Drap! Drap!
Levin berlari secepat mungkin sambil menggendong Lin dipunggungnya. Tepat dibelakangnya, ruangan yang baru ia tinggalkan sudah mulai runtuh.
Grudukduk!
Lantai yang baru saja dipijak Levin langsung amblas, dan lantai itu seolah mengejar Levin yang masih berusaha berlari secepat mungkin. Telat sedikit saja, dia pasti akan terjatuh dan mati bersama Lin. Meskipun itu niat awalnya, tapi entah kenapa, dia sekarang malah ingin memperjuangkan hidupnya.
Itu dia jendelanya!
Levin senang saat tujuannya sudah sampai. Setelah mendekati jendela itu, dengan cepat Levin melompat keluar.
Bruk!
Karena tanpa persiapan saat mendarat, Levin langsung jatuh. Untung saja Lin tidak terpental jauh. Setelah menggendong Lin lagi, Levin buru-buru berlari agar tidak terkena reruntuhan bangunan.
Levin mulai memperlambat laju larinya saat sudah jauh dari wilayah pabrik. Ia berjalan memasuki kawasan hutan kecil yang berada di sekeliling pabrik.
Eh? Tunggu sebentar, sepertinya aku berlari kearah yang salah. Tempat pertemuan yang sudah direncanakan Devian bukan disini.
Bagaimana kalau mereka tidak tahu aku selamat? Dan meninggalkanku disini? Aku harus cepat menemukan letak mobil kak Sky.
"Kenapa..."
Langkah Levin terhenti. Ia menoleh kearah wajah Lin yang berada di bahunya sekarang.
"Hah? Kau bicara apa?" Tanya Levin dengan nada malas.
"Kenapa kau... Menyelamatkanku?" Lin berusaha bicara dengan tenaganya yang seperti mau habis.
"Memangnya aku sebaik itu membiarkanmu cepat mati? Tidak bisa! Kau harus disiksa dulu dipenjara. Dan menerima semua kelakuan jahatmu." Levin kembali berjalan pelan lalu tertawa. "Tapi tenang saja, aku akan ikut denganmu. Karena sekarang aku selamat, cara terbaik menebus dosaku adalah dipenjara. Dengar ya, sampai ke neraka pun aku akan bersamamu."
Lin tersenyum kemudian menjawab. "Terimakasih, Levin."
Ha? Terimakasih? Memang tadi aku memujinya?
Setelah pembicaraan hangat itu, Lin sepertinya pingsan karena tidak lagi bicara dan bergerak. Tapi Levin dapat memastikan kalau dia belum mati.
Apa?
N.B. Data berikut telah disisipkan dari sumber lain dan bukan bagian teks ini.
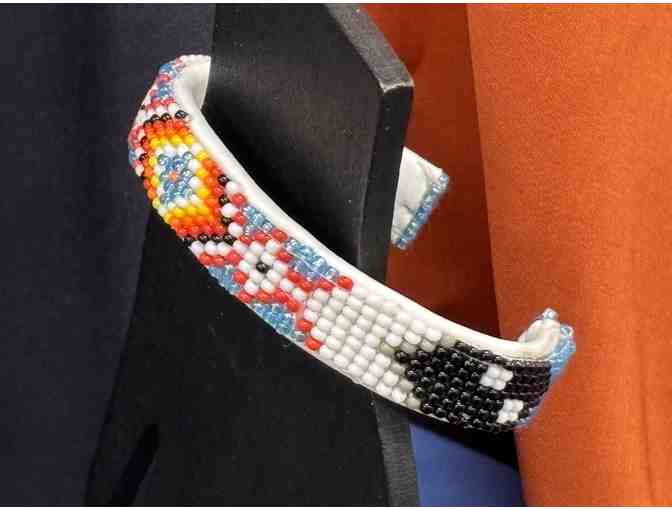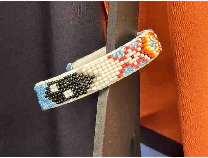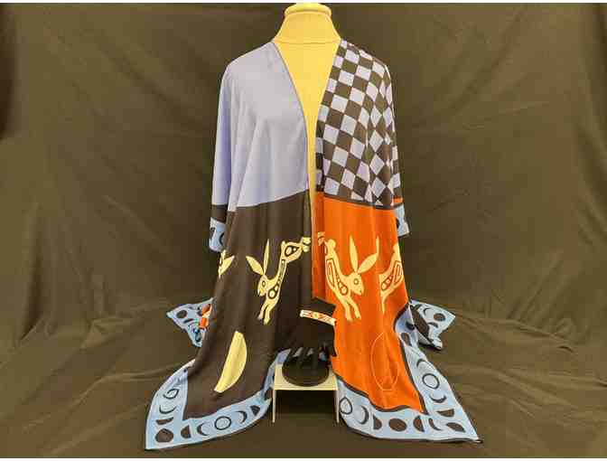 Jessica Wiarda (Hopi) draped kimono, paired with a beaded cuff bracelet. About the Artist: I am an illustrator of Hopi and white descent. I explore my experiences living in two worlds as a biracial American. I have never quite belonged entirely to either world but I think that gives me a unique perspective on life and I enjoy learning new things about both sides of my heritage. I love exploring color and shape in my work and simplifying things like food and people to their most basic forms but still keeping them identifiable. I also like turning those things into fun patterns for various surfaces like stationary, apparel, and packaging. Some things we think are "Native American" don't have anything to do with any tribe at all so I invite you to explore my Hopi artwork and learn about a tribe that doesn't see a lot of representation in mainstream culture.
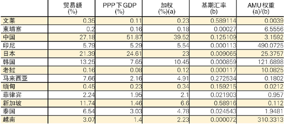 表1 东盟+中、日、韩13国货币在AMU中的权重
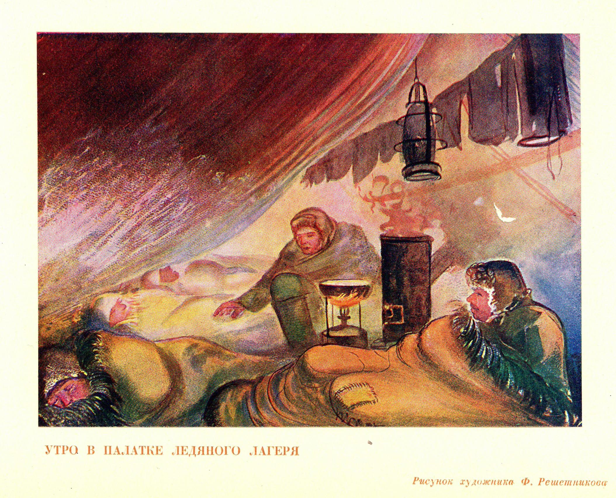 Федя Решетников. Бывший беспризорный. Молодой художник и старый комсомолец. И на судне и на льду он успевал не только работать, как и все, но и рисовать. Остроумный, компанейский, живой парень. Кавалер двух орденов. Мы передали его в партию.
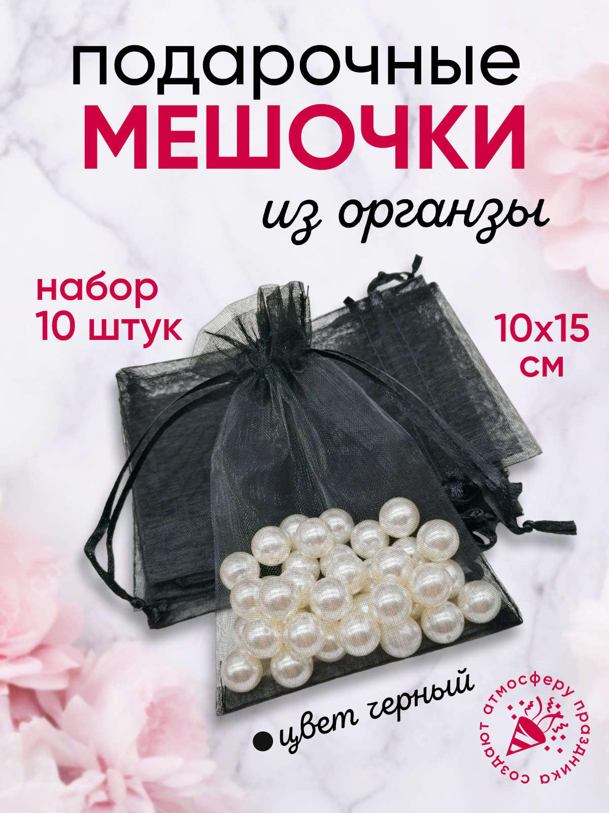 Подарочные мешочки из органзы 10x15 см набор 10 шт черные / прозрачные интересное:
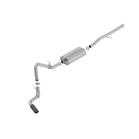Factory Single Side Exit vehicles ONLY. Add Adapter 60708 for Crew Cab with Standard Bed (6' 7") 157" Wheelbase vehicles. The 140793BC Cat-Back(tm) system by BORLA(r) is a side exit system featuring the mellow Touring sound level and a 4" black chrome on T-304 stainless steel tip. A bright chrome on T-304 stainless steel tip is also available. Using BORLA(r) Stainless Steel Polish p# 21461 is NOT recommended with these black chrome tips. We suggest cleaning the tips with hot water and a microfiber cloth. Add Adapter 60706 For Crew Cab with Standard Bed (6' 7") 157" Wheelbase vehicles. BORLA(r) Cat-Back(tm) and Axle-Back exhaust systems feature patented straight-through and multi-core technology designed to unleash hidden horsepower. Increased exhaust velocity adds power, driving excitement, fuel economy, and the distinctive BORLA(r) Sound of Power respected by motoring enthusiasts everywhere. Each system is built from premium, high-quality T-304 austenitic stainless steel, superior to T-400 to give you the absolute best in performance and durability. Ultra-smooth mandrel bends ensure maximum flow & power, and precision CNC manufacturing ensures an accurate fit. You can count on BORLA(r) to provide durability, performance, sound, and a Million-Mile Warranty. See separate note about warranty on tip finish.
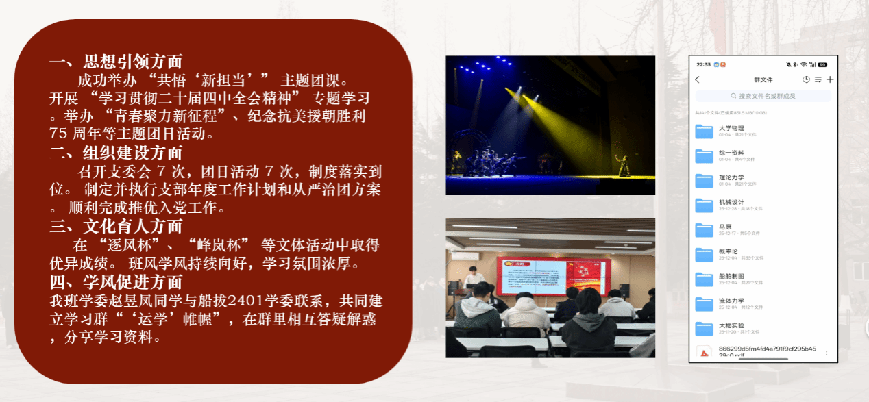 创新学习方式、丰富引领载体,船卓越2301团支部聚焦思想建设与专业成长,以丰富形式推动理论学习深入人心。
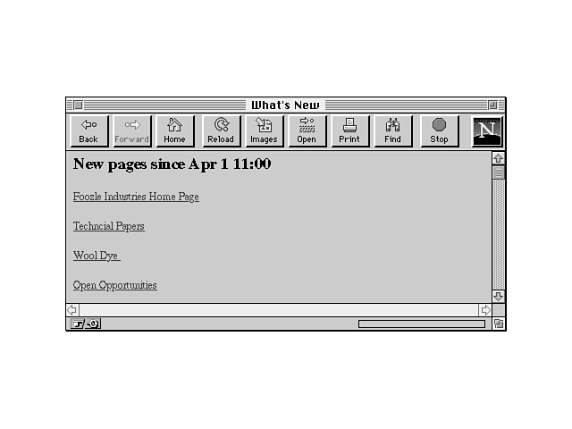 How do you create a What's New page? You can do one by hand by writing down information about changes you make to the presentation as you make them. You can also use our whatsnew script, available from http://www.lne.com/Web/Source/mkwhatsnew.txt, a Perl script that searches a tree of directories, finds files that are newer than a certain date, and returns a list of links to those files (as shown in Figure 30.12).
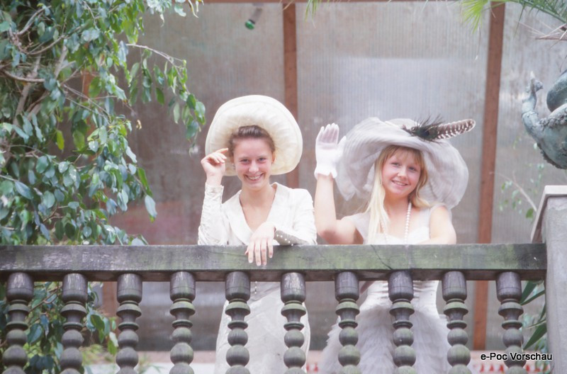 Die abgebildeten Damen in historischen Kostümen verkörpern eine zeitlose Anmut und Eleganz. Mit aufwendig verzierten Hüten und stilvoller Kleidung, untermalt von einem charmant natürlichen Lächeln, fangen diese Dias nicht nur die Schönheit der Modelle, sondern auch die Raffinesse und das Stilbewusstsein einer vergangenen Epoche ein.
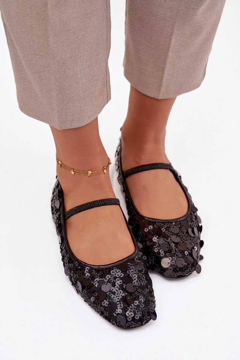 Baleriny Ozdobione Cekinami Czarne Terlina

Aku salah jalan lagi? Levin kembali menoleh ke kanan dan kiri. Tidak ada tanda-tanda jalanan yang ia lewati bersama Yve tadi pagi.
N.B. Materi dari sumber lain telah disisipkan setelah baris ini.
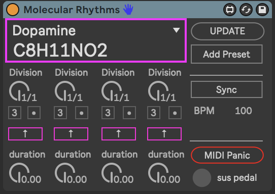 Say you want to hear what Dopamine sounds like. You can input the chemical formula (C8H11NO2), and from there you can select a midi instrument, drum rack or any other midi device you'd like to control, Select a subdivision and play away! When notes are depressed on a keyboard the first note pressed (in the case of Dopamine) will play a sequence in 8 then the following note played will be in 11 and the third note will play in a sequence of 2.
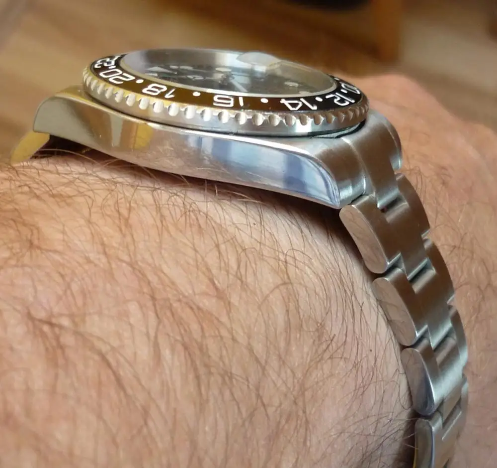 Я купил это как замену OEM браслета на мой GMT sub homage. Идеально сочетается с чехлом без зазоров. Регулировка длины осуществляется с помощью винтов. На застежке 3 уровня Микрорегулировки. Вам нужно будет использовать прилагаемый инструмент для настройки Микрорегулировки. Я, вероятно, куплю еще один, чтобы иметь запас на руке.
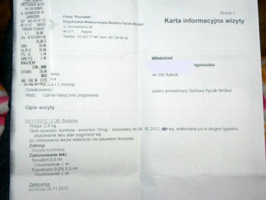 Agucha Posted September 24, 2012 Author Posted September 24, 2012 (edited) No, doczłapałyśmy jakoś do weta... :roll: Dostała: Rapidexon 0,2% -0,2ml Shotapen 100ml inj.0,3ml Nie wiem co to za leki i czy dobre (?) Wizyta kosztowała nas 45zł, powtórka we środę. Wetka stwierdziła, że jeżeli nie będzie poprawy - trzeba jej będzie usunąć zęby... myślałam, że usunąć osad a nie zęby :crazyeye: Wklejam zdjęcia wpisu w książeczce i kartę informacyjną wizyty: Edited September 24, 2012 by Agucha Quote
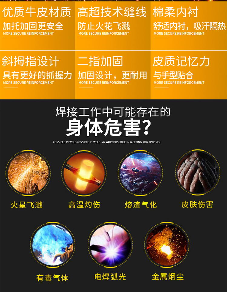 • 하나의 사이즈로 모든 용도에 적합 - 소가죽 고온 방지 스티치
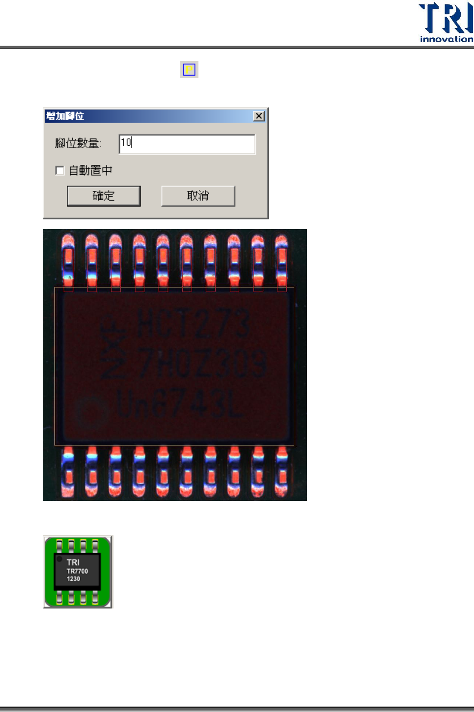 Test Research Inc. TR 7700 S II User Guid e – Softwar e 383 6) 系統會依照 IC 腳的位置,自動產生檢測框,如下圖所示。若有比下圖多出的檢測 框,使用者可根據實際元件狀況,自行選擇保留會刪除。圖示中為最基本所需要 的檢測框。 ( 元件上會有一個 [Missing] 框,每支 IC 腳上,會有 [Lead] 框、 [Void] 框 以及 [Solder] 框。 ) 7) 對於所…

Ini gara-gara gedungnya tertutup banyak asap. Aku jadi susah menentukan arah.
Jam berapa ini? Sepertinya kak Sky sudah pergi naik mobil sesuai rencana.
__ADS_1
Aku lelah berjalan dengan sia-sia sambil membawa batu besar ini.
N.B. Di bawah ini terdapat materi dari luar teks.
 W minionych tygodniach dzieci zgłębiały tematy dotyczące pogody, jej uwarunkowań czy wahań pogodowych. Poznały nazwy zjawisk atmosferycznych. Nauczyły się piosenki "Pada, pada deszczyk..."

Levin menurunkan Lin dan membaringkannya diatas tanah. Melihat luka Lin yang semua menganga dan mengeluarkan darah, membuat rasa empati Levin kembali keluar. Ia menobek ujung bajunya untuk menutupi luka Lin. Untung saja baju style hip hop yang ia pakai modelnya oversize, jadi tidak masalah jika disobek, tetap tidak membuat tubuhnya terbuka.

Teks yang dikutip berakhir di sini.